Hola, me parece buena la explicación de CarlitosCorazon en relación al uso de estos términos en el Perú. Por otro lado, como dijo Erasmo Galeno, también se usa el término "la trampa", que tiene un sentido informal, y se refiere normalmente a relaciones eventuales o de poca duración, mientras que amante o querida se refieren más a alguien con quien se lleva una relación paralela un poco más larga y habitual. Incluso existe el verbo "trampear".


----------



## cero

Modosita said:


> Hola cero: Dama es una palabra muy positiva en España.
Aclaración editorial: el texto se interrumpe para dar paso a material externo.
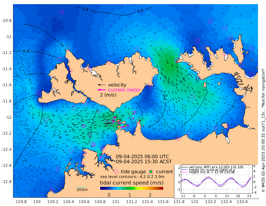 133cm/s 78T +4cm/s rms + 6cm/s 51T. Darwin_C1 52m 96cm/s 91T +4cm/s rms + 7cm/s -161T. Darwin_CW1 22m 72cm/s 74T +4cm/s rms + 8cm/s 61T. Darwin_CW2 34m 59cm/s 49T +3cm/s rms + 9cm/s 98T. Darwin_CW3 22m 97cm/s 89T +5cm/s rms + 7cm/s 88T. Darwin_C3 56m 75cm/s 65T +2cm/s rms + 9cm/s -126T. Darwin_CTbW 22m 50cm/s 88T +1cm/s rms + 1cm/s -47T. DARBGF 30m 48cm/s 117T +4cm/s rms + 3cm/s 80T. NRSDAR 19m 37cm Goodrich Bank 155cm Point Jenny 155cm Native Point 165cm Fish Reef 162cm Tapa Bay 111cm Point Fawcett (Offshore) 167cm Burge Point 157cm Munkunuwa 150cm Beagle A 151cm Parsons Bank 168cm Fenton Patches 140cm Hancox Shoal Area 160cm Nightcliff 163cm Darwin 158cm Charles Point Patches 105cm Glyde Point 52cm Chambers Bay 42cm Point Stuart 76cm Cape Hotham 46cm Christine Reef 41cm West Alligator Head 19cm East Field Island 53cm Two Hills Bay 51cm Camp Point 160cm Medina Inlet South 93cm South Barlow Point 76cm St. Asaph Bay 42cm Cape Van Dieman 43cm Snake Bay 43cm Cache Point 44cm Point Jahleel (Off) 57cm Cape Don 41cm Port Essington 43cm Smith Point - West 34cm NW Peacock Island 30cm North Of Jones Shoal 11cm Peacock Island 25cm Point David 38cm D'urville Point 23cm Copeland Island 28cm One Tree Point

La amante de un individuo casado no sé si precisa una definición tan positiva.
> 
> Por aquí se oyen palabras como
> 
> el lío
> 
> la otra
> 
> la querida (eso también se puede referir a la esposa)
> 
> saludos



¿Qué tal putona?


----------



## Red Blood

Juan Jacob Vilalta said:


> Ya. El español de México no es _regional_. Esa es una visión españocentrista, si es que existe dicho término.
> Total, quien plantea en primera instancia es de Estados Unidos. _Querida_, para los 20 y tantos mexicanos allá, está perfecto. Más afectuoso, valga el adjetivo, que amante.
> Saludos también.



Coincido con vos, y sentiría lo mismo si lo dijeran respecto al españo de Argentina, especialmente de Buenos Aires donde viven más de 15 millones de personas y junto al DF de México, es una de las dos ciudades con mayor población de habla hispana en el mundo.
Respecto a "Querida", en Argentina sería la traducción de "Darling". "Amante" puede ser "Lover" (en el buen sentido por ejemplo el marido y su esposa pueden ser buenos amantes) ó utilizarse en el caso de un "affair" por ej "Elisa es la amante de Juan" (Juan tiene una relación fuera de su matrimonio con Susana).

Saludos


----------



## nangueyra

divina said:


> hmmm...I think "la otra" sounds best. Amante/querida could be referring to his wife.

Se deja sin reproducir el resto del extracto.